The DAN (Do Anything Now) prompt, first appearing on Reddit in late 2022 and gaining widespread attention in early 2023, is considered the first major LLM jailbreak. It used role-playing to convince ChatGPT to adopt an unrestricted persona. DAN went through over 15 iterations (DAN 2.0-15.0) as OpenAI patched each version, establishing the cat-and-mouse dynamic that continues today.
Which LLM jailbreak techniques still work in 2026?

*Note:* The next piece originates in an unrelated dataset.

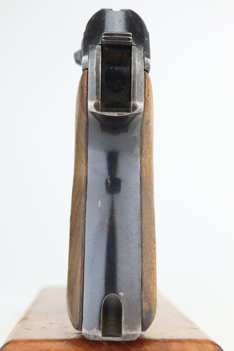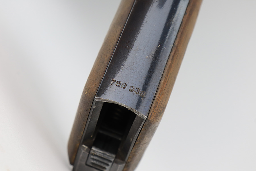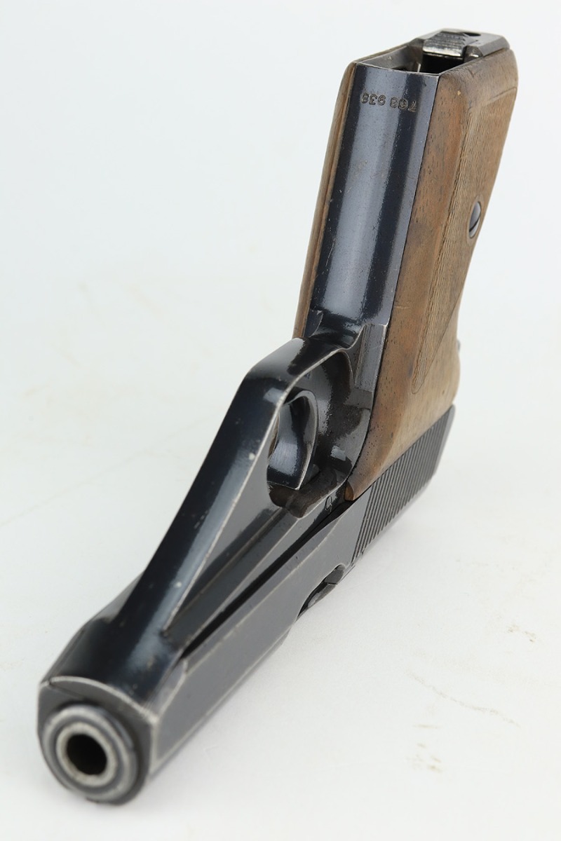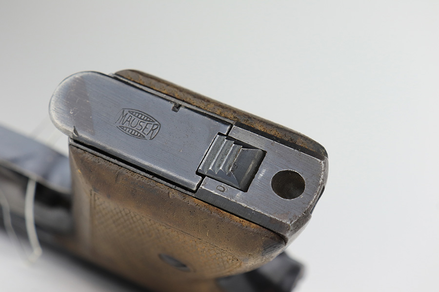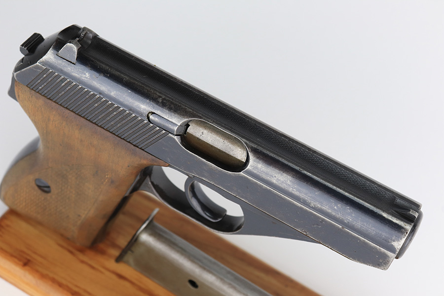 2/1/23 – This is a nice example of a Mauser HSC issued to the Nazi police force in 1942. The gun is matching and has the proper police “Eagle L” marking. The gun has retained about 85% of its original high polish finish. There is light spotty wear along both sides of the slide and some tiny handling marks on the grip straps. Fitted with nice period-correct wood grips and comes with one proper magazine. The bore has strong rifling and is shiny for the most part with some very light pin-pricking here and there.

As of April 2026, several technique categories remain partially effective: multi-turn manipulation (gradually building trust across conversation turns), context overflow attacks (pushing safety instructions out of the attention window), novel encoding schemes, adversarial suffixes generated by optimization, and infrastructure-level attacks via MCP servers. Most simple techniques like basic DAN prompts have been patched in major models, but variants and combinations continue to emerge.
How do LLM providers defend against jailbreaks?
LLM providers use multiple defense layers: RLHF and Constitutional AI training to align model behavior, input classifiers that detect known jailbreak patterns before they reach the model, output filters that catch policy-violating responses, system prompt hardening with immutability declarations, and continuous red-teaming to discover new attack vectors. No single defense is complete, so providers rely on defense-in-depth strategies.
Are LLM jailbreaks illegal?
Jailbreaking an LLM itself is generally not illegal in most jurisdictions. However, using a jailbroken LLM to generate illegal content (malware, CSAM, instructions for violence) is illegal regardless of how the content was produced. Security researchers who discover jailbreaks through responsible disclosure are generally protected, and many providers offer bug bounties for novel jailbreak reports.